Vice President of the North Eastern State of Somalia
- Incumbent
- Assumed office 30 August 2025
- President: Abdikhadir Ahmed Aw-Ali

Personal details
- Born: Burao, Togdheer

= Abdirashid Yusuf Jibril =

Vice President of Northeastern State and former speaker of Puntland parliament

Abdirashid Yusuf Jibril (Cabdirashid Yuusuf Jibriil, Abdiraşid Yusuf Cibril, عبد الرشيد يوسف جبريل) is a Somali politician, who served as the 9th Speaker of the Puntland House of Representatives from 2019 to 2024, and is currently the Vice President of the North Eastern State of Somalia.

== Early life and personal background ==
Abdirashid hails from the Warsangali sub-clan of Harti, a branch of the Darod.
In 1991, Abdirashid fled the Somali Civil War from his birthplace of Burao, the capital of Togdheer.
By the early 2010s, Abdirashid was publicly known in Somali media as an abwaan (poet).

=== Family ===
On 26 August 2016, Abdirashid married Faiza Abdirisak Nur ("Cirfe") in Galkayo at the Al-Jaziira Hotel, an event covered by Somali outlets and noted with public congratulations.
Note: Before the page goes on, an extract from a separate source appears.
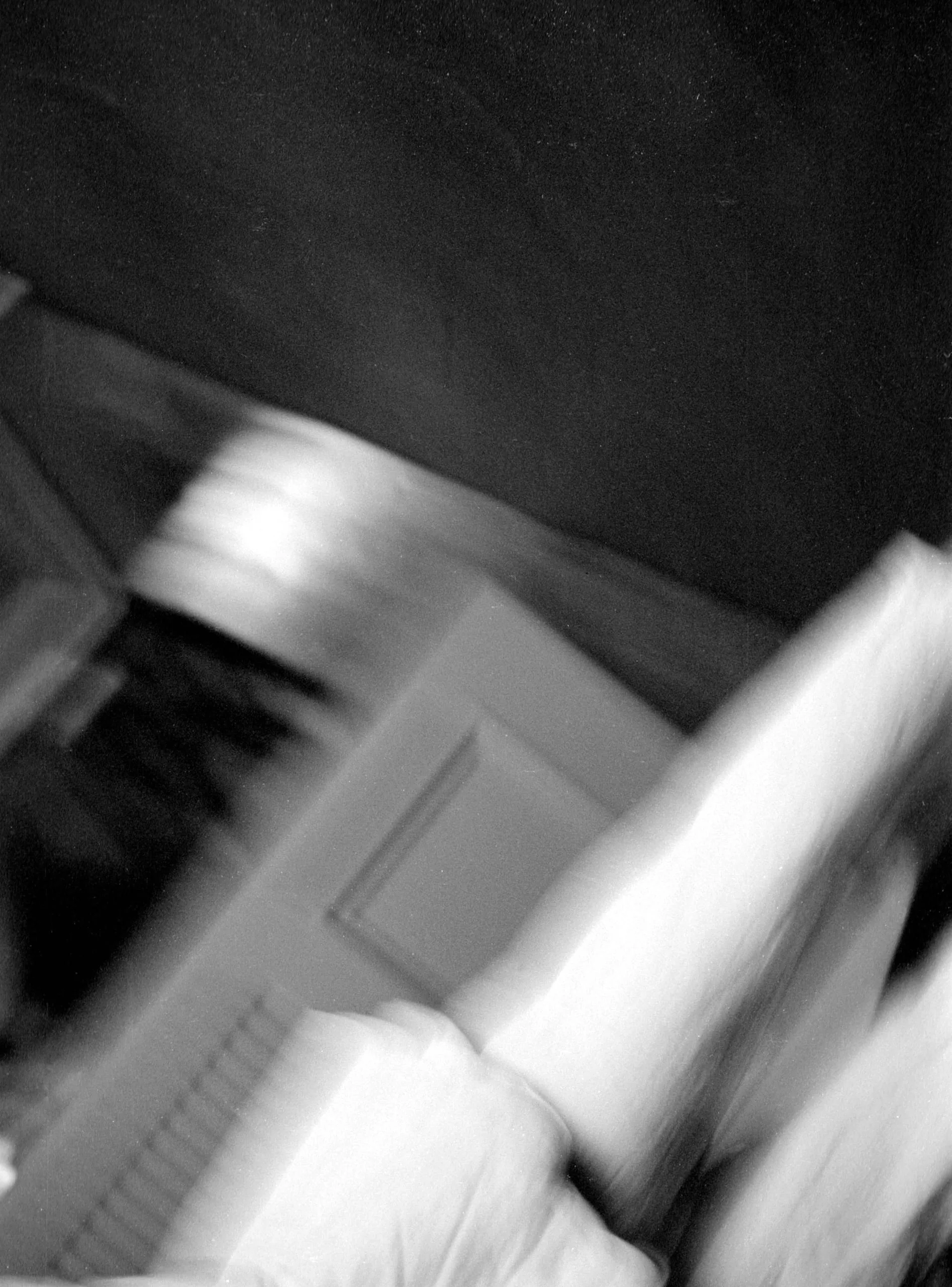 Severely motion-blurred black and white photograph of a tilted interior scene with a white door, staircase railing, and overexposed architectural elements

== Puntland political career ==
On 8 January 2014, following the election of President Abdiweli Mohamed Ali (Gaas), Abdirashid joined the Puntland administration and by May 2014 was serving as the Presidency’s Director of Communications (Information, Awareness, Culture & Heritage).
From July 2016 to November 2017, as director he undertook official visits and security consultations in Sanaag and Haylan—including Badhan and areas near Ceerigaabo—and helped launch internal security infrastructure by laying foundations for police posts at Hadaaftimo and Yubbe.
On 14 November 2019, Abdirashid was elected Speaker of the Puntland House of Representatives, winning in the second round of voting.
On 18–19 December 2023, following a leadership agreement in Garowe, Abdirashid transferred procedural registers and records to the Vetting and Conflict Resolution Committee to facilitate the forthcoming selection process for legislators.
On 4 January 2024, the newly seated assembly elected Abdirizak Ahmed Said as Speaker; Abdirashid’s term as the 9th Speaker concluded with this vote.

== Affiliations with SSC-Khatumo / Northeastern State ==
In early July 2025, Somali outlets reported that Abdirashid traveled to El Buh with armed men as part of a plan to mobilize delegates from Sanaag to attend an SSC-Khatumo conference in Las Anod.
On 13 July 2025, the Puntland Attorney General ordered Abdirashid’s arrest; on 15 July 2025 the House voted to expel him from his seat (38 in favor, 1 against, 4 abstentions).
On 30 August 2025, Abdirashid was sworn in as Vice President of the North Eastern State of Somalia alongside President Abdikhadir Ahmed Aw-Ali.